Alberto Guerra Gutiérrez

Hablar de un poeta, no es muy común en nuestro medio y por lo mismo, tampoco es muy fácil. Es que al margen de detalles genealógicos, temporales o académicos, la personalidad del poeta, linda con lo sutil, lo ingrávido y hasta esotérico, puesto que el poeta, es producto de una vida de ensueño y de íntimas preocupaciones que explican su profundo arraigo en los fenómenos humanos y sociales, colmando sus alcances entre su afán de encontrar respuesta a sus anhelos e inquietudes y asumir el eco de felicidad o tristeza de sus semejantes, de las cosas y hasta de los animales, manejando su propia varita mágica, hecha de sensibilidad y belleza.

Eduardo Kunstek Montaño que, ísicamente se nos presenta alto, espigado, barbado y gentil -como ya lo dijéramos antes- es la sombra generosa reflejada en su poesía, “existe más en sí mismo y en los objetos y situaciones que le inspiran afición”; ama la música, la pintura, la naturaleza viva y, ante todo, ama la poesía acudiendo al fuego como recurso inequívoco de la vida, vindicando a la cigarra o asignándole un espacio de vida al cántaro y a la luna; no encerrando fríamente al satélite en la fresca entraña de arcilla, ni insinuándole esencia luminosa al objeto sino, haciendo de la luna el gran cántaro de luz iluminando su destino de sensibilidad y poesía.

Como en la de Lezama Lima, en la poesía de Eduardo, «la metáfora y la imagen tienen tanto de carnalidad, pulpa dentro del propio poema, como de eficacia filosófica, mundo exterior o razón en sí».

Eduardo Kunstek Montaño tiene su propio pedestal, firmemente asentado en los pilares de su estilo poético y su manera de sentir la vida, entre la libertad y el salmo.

Publicado el 25 de septiembre de 1994

Eduardo Kunstek Montaño, poeta hermano

 

Eduardo Kunstek, Edwin Guzmán, Jorge Zabala y Fernando Rosso.

Edwin Guzmán Ortiz

Toda amistad forja una imagen que el tiempo la torna imborrable. A innumerables recuerdos y momentos vívidos se superpone aquella, la que resume todas las demás y es como una carátula que abre el palimpsesto azaroso de la memoria.

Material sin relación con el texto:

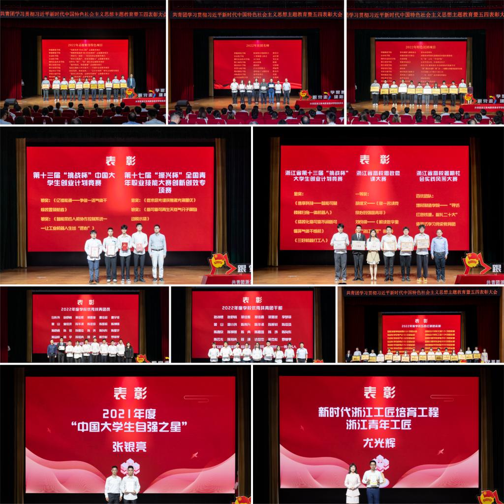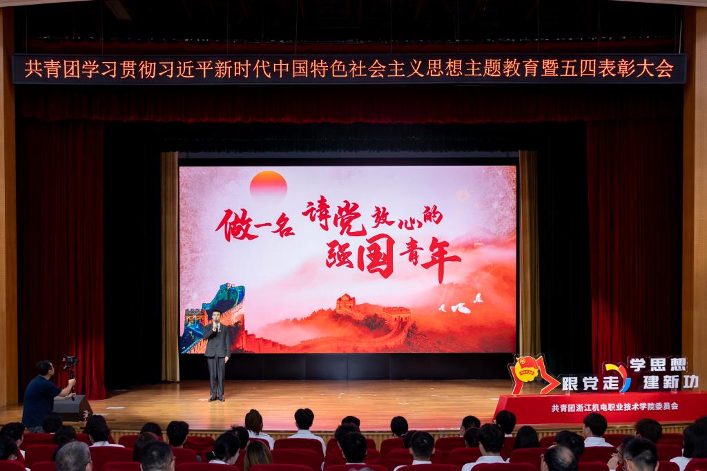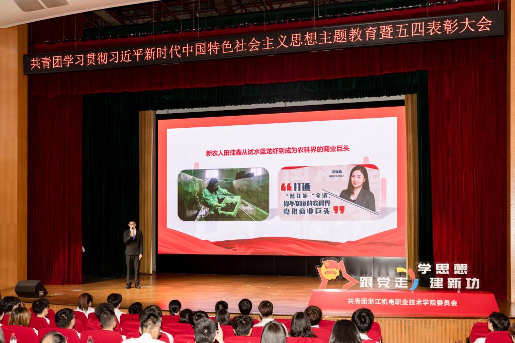 表彰大会在视频《青年 使命》中拉开序幕。杨晨、胡维文两位同学分别展示了思政微课大赛优秀作品《蓝龙虾的唱响曲,新农人的共富力》《做一名请党放心的强国青年》,展现出机电学子爱党爱国、奋发向上、敢闯敢试的精神风貌。随后,一曲《共青春》主题曲《有我》将现场氛围推至高点。

En esa imagen que guardo de Eduardo Kunstek, “veo” al poeta de pie, con un libro de poemas en la mano, otorgándole los fonemas precisos a esa escritura siempre elusiva y trascendental que es la poesía. Y es que Eduardo, fue ante todo, un poeta, el poeta que cosechaba silenciosamente imágenes y trabajaba más silenciosamente aun, su factura y resplandor final.

Pero Eduardo tenía una particularidad que reforzaba aún más esa imagen. El mundo que lo habitaba se mostraba desde de una impredecible fisonomía. En su más cercana cotidianidad, siempre era otro, cada paso que daba siempre trazaba una órbita tocada por la extrañeza. Y aquella cercanía se tornaba de pronto en una discreta lejanía y luego, por un efecto de contracción mágica, otra vez engendraba otra cercanía y así, otra vez…como sus poemas, parafraseando a Antonio Terán: “poemas escritos por el humo…humo del tiempo”

Por lo mismo, fue un poeta de poesía adentro. Es decir, no condescendía fácilmente a la inmediatez del coloquialismo, a la descripción objetiva de las dádivas rutinarias del mundo. Lo suyo era explorar su universo interior, el tejido conectivo que a(r)ma los sentidos, la arquitectura cenital que engulle y reinventa los elementales soles que pululan en la dermis del día. Y bajando los frutos de ese universo interior escribía: “Por asombrosos atributos/ vamos nombrando a la vida/ de sol a sol y en el periplo/ de la luna a la sombra”.

En el llano, Eduardo tenía un sentido comunitario de la cultura; la vivienda que ocupaba al interior de la Planta de Yacimientos, en la zona norte de Oruro, a principios de los 90 era un ambiente concurrido por poetas y cultureros de todo pelaje. Recuerdo ahí la elaboración de los primeros números del suplemento cultural El Faro, del periódico La Patria, las intensas noches por elegir los artículos más interesantes, y escribir los necesarios, con la presencia del luminoso Jorge Zabala y Fernando (Zeke) Rosso contribuyendo, así, desde sus más altos saberes, a la factura del número inaugural.

A propósito, Jorge, en su clásico estilo y su obsesivo afán de encontrar todos los posibles significados del objeto “faro”, junto a las historias más encomiables, realizó una enormísima investigación documental y lingüística que terminó disertando una noche en medio de la sorpresa de todos nosotros. Eduardo comentaba los datos prodigados desde aquella algazara semántica, y del barroco júbilo de estirar un tema hasta sus más inimaginables límites.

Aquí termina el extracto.